Para los observadores internacionales, esta escalada es preocupante. La inestabilidad en Jalisco no solo afecta a los productores agrícolas locales, sino que perturba las cadenas de suministro legales y las rutas comerciales que utilizan los operadores en Estados Unidos para la importación de mercancías. La violencia en Yahualica subraya que, cuando los cárteles deciden ajustar cuentas, la seguridad de los ciudadanos y de las fuerzas de seguridad pública se vuelve un factor secundario frente a sus intereses de control regional.
El Desafío para las Fuerzas Federales: ¿Qué Sigue en la Región?
A pesar de que el parte oficial confirmó la neutralización de tres atacantes y la atención médica a los dos militares heridos, la situación en Yahualica continúa bajo observación estricta. La Fiscalía del Estado de Jalisco, en conjunto con las autoridades federales, ha iniciado las investigaciones para identificar formalmente a los fallecidos y determinar la procedencia de las armas y el equipo táctico asegurado.
Sin embargo, el reto principal para las fuerzas del orden no es solo el procesamiento de la escena del crimen, sino la prevención de una espiral de violencia. Históricamente, cada vez que una facción sufre bajas en territorio ajeno, los mandos criminales suelen ordenar represalias como forma de intimidación y demostración de fuerza. Las autoridades de los tres órdenes de gobierno mantienen un dispositivo de seguridad por tierra y aire, reforzando los accesos al municipio y vigilando los puntos estratégicos para interceptar a cualquier unidad armada sospechosa.
El llamado de la Comisaría de Seguridad Pública a no difundir información no confirmada es un reflejo de la guerra de propaganda que los cárteles libran en redes sociales, donde cada facción busca victimizarse o atribuirse victorias tácticas. Mientras los canales oficiales trabajan en consolidar una narrativa de control, los residentes de Yahualica permanecen atentos a los comunicados, con la incertidumbre latente de si este enfrentamiento fue un evento aislado o el inicio de una guerra prolongada en sus calles.

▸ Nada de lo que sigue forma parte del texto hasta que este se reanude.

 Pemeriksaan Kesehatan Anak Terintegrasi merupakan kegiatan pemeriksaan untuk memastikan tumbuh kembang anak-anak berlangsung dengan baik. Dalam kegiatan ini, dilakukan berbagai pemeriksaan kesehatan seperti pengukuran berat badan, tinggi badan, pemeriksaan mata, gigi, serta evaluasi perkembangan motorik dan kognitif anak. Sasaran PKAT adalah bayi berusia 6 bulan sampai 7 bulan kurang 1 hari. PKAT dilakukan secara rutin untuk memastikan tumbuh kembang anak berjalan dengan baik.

Conclusiones: La Fragilidad de la Seguridad en el México Actual
El baño de sangre en Yahualica este sábado es un recordatorio sombrío de la realidad cotidiana en las zonas rurales de México, donde el crimen organizado opera con una libertad que desafía los marcos legales y operativos de las fuerzas armadas. La capacidad de un comando delictivo para desplazarse entre estados, armarse como fuerzas regulares y buscar a sus objetivos en el centro de los municipios, pone en entredicho la efectividad de las estrategias de patrullaje preventivo.

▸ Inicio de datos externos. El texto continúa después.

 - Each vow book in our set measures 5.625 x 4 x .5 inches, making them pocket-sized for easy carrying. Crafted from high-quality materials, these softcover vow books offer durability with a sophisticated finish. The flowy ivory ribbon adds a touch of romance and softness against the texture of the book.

Mientras el gobierno mexicano analiza el impacto de estos hechos y refuerza la presencia militar en la región, la población de Yahualica espera una justicia que parece distante. La captura de los responsables intelectuales y la desarticulación de las células de choque que operan en los Altos Norte siguen siendo la principal demanda de una sociedad que está cansada de vivir bajo el asedio de grupos criminales que, con total impunidad, deciden cuándo y dónde se libra la próxima batalla por el control del territorio mexicano.